> [EXERCISE DIRECTIONS]
Transcribe nothing except the lines below that run from the one with "Hay Bales In" to the one with "4. When all", ends included, and do not copy any picture.

> [GIVEN DATA]
****************************************

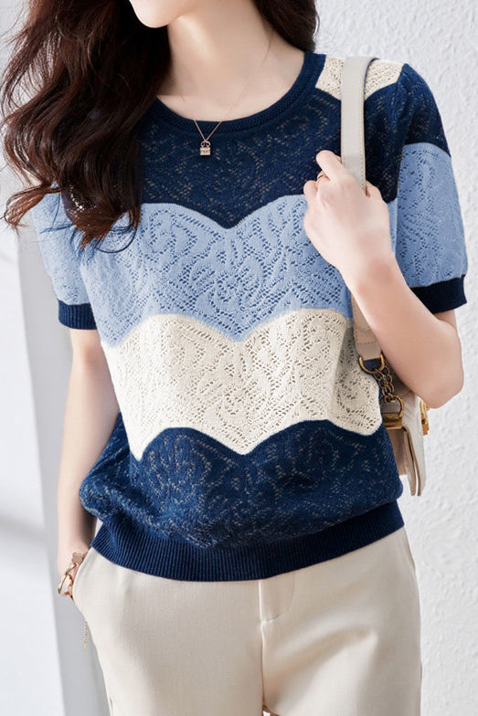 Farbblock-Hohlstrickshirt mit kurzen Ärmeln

****************************************

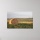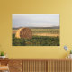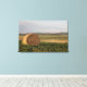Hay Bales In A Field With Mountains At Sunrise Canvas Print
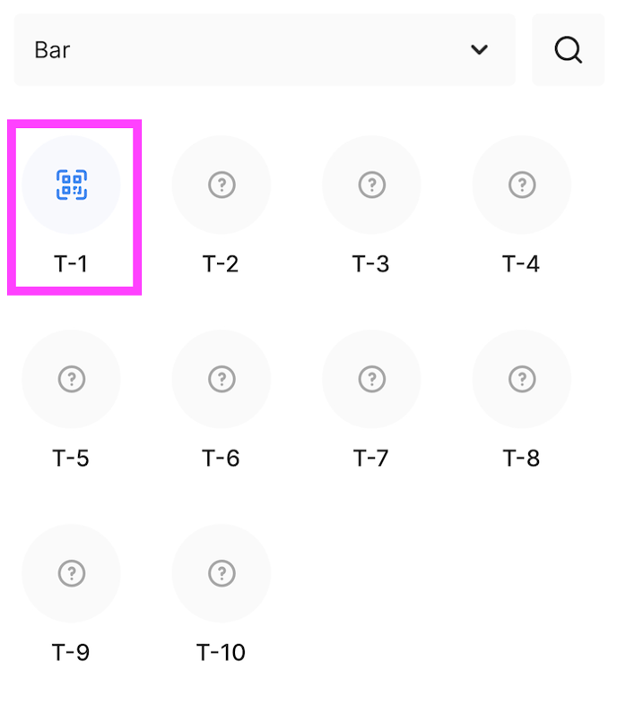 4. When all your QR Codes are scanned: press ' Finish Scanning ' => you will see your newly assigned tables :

****************************************

> [ANSWER AREA]
Hay Bales In A Field With Mountains At Sunrise Canvas Print
 4. When all your QR Codes are scanned: press ' Finish Scanning ' => you will see your newly assigned tables :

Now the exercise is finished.